Fact 1: $\ln \Gamma(x + 1) \ge \frac{12x^3 - x^2 - 14x}{12x^2 + 36x + 24}$ for all $x > 0$.
(Hint: Take derivatives. Use (the digamma function) $\psi(u) \ge \ln u - \frac{1}{2u} - \frac{1}{12u^2}$ for all $u > 0$.)

Fact 2: For all $v\in [1, 2]$, $$\ln \Gamma(v) \le - \frac32\ln 2 + \frac{47}{24} + (v - 1/2)\ln v - v + \frac{1}{12v}.$$ (The proof is similar to that of Fact 1.)

Using Facts 1-2, it suffices to prove that \begin{align*} &\frac{12x^3 - x^2 - 14x}{12x^2 + 36x + 24}\\ \ge\, & - \frac32\ln 2 + \frac{47}{24} + \left(2 + \frac56 x\ln x - \frac12\right)\ln \left(2 + \frac56 x\ln x\right)\\ &\quad - \left(2 + \frac56 x\ln x\right) + \frac{1}{12(2 + \frac56 x\ln x)}. \end{align*}

Fact 3: For all $x \in (0, 1]$, $$\ln\left(2 + \frac56 x\ln x\right) \le \ln 2 + \frac{10x\ln x}{24 + 5x\ln x}.$$

Using Fact 3, it suffices to prove that \begin{align*} &\frac{12x^3 - x^2 - 14x}{12x^2 + 36x + 24}\\ \ge\, & - \frac32\ln 2 + \frac{47}{24} + \left(2 + \frac56 x\ln x - \frac12\right)\cdot \left(\ln 2 + \frac{10x\ln x}{24 + 5x\ln x}\right)\\ &\quad - \left(2 + \frac56 x\ln x\right) + \frac{1}{12(2 + \frac56 x\ln x)}\\ =\, & F(x\ln x) \end{align*} where $$F(u) = - \frac32\ln 2 + \frac{47}{24} + \left(2 + \frac56 u - \frac12\right)\cdot \left(\ln 2 + \frac{10u}{24 + 5u}\right) - \left(2 + \frac56 u\right) + \frac{1}{12(2 + \frac56 u)}.$$ It is not difficult to prove that $F(u)$ is strictly increasing on $(0, 1]$.

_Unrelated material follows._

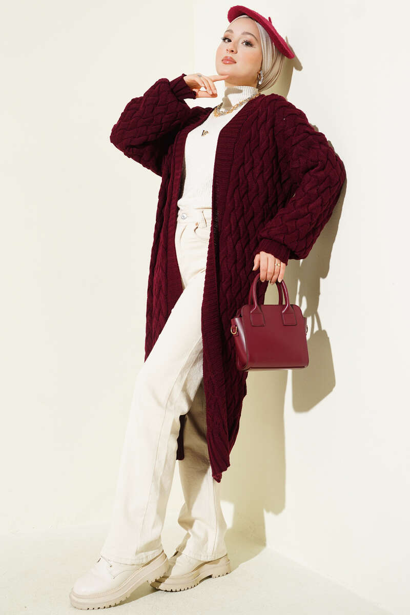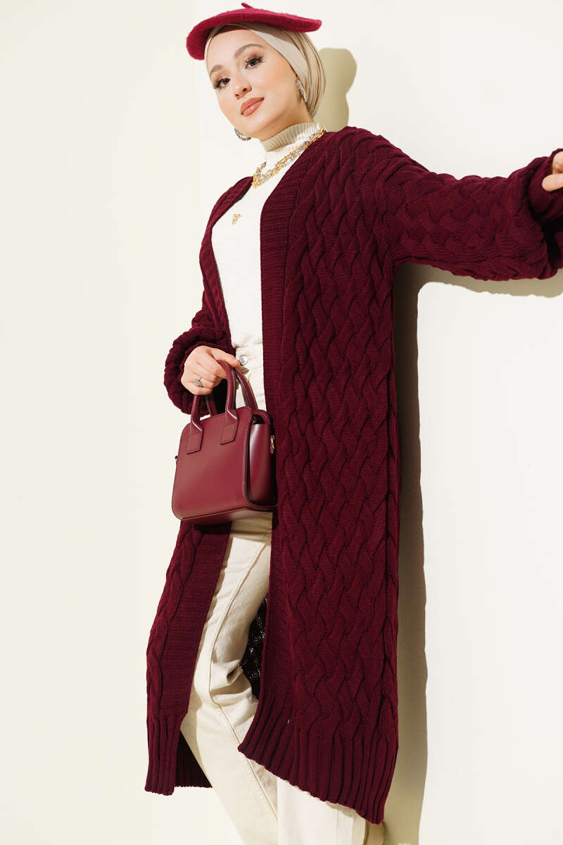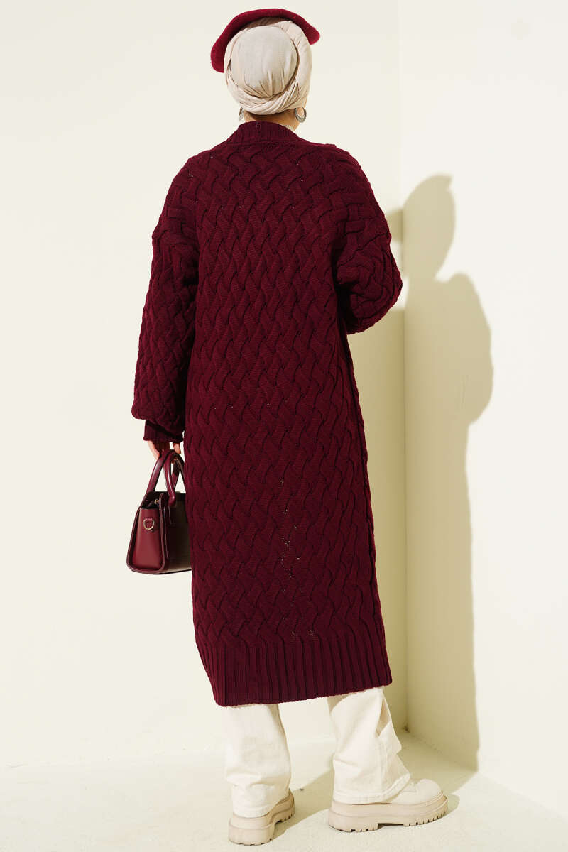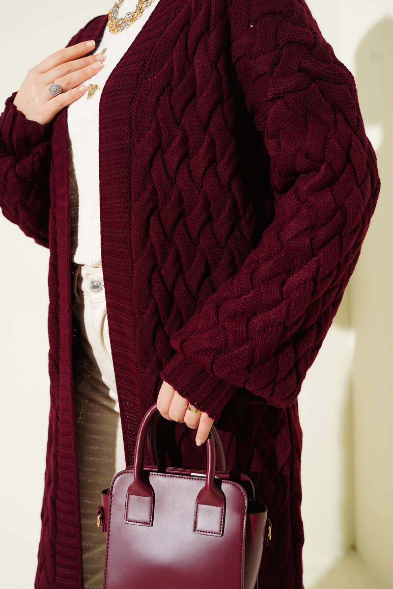 Sepet Örgülü Uzun Triko Hırka Siyah

Fact 4: For all $x\in (0, 1/5]$, $$x\ln x \le \frac{(10 - 5\ln 5)x^2 - (2 + \ln 5)x}{5x + 1}.$$

Using Fact 4, it suffices to prove that $$\frac{12x^3 - x^2 - 14x}{12x^2 + 36x + 24} \ge F\left(\frac{(10 - 5\ln 5)x^2 - (2 + \ln 5)x}{5x + 1}\right)$$ which is true (simply a polynomial inequality).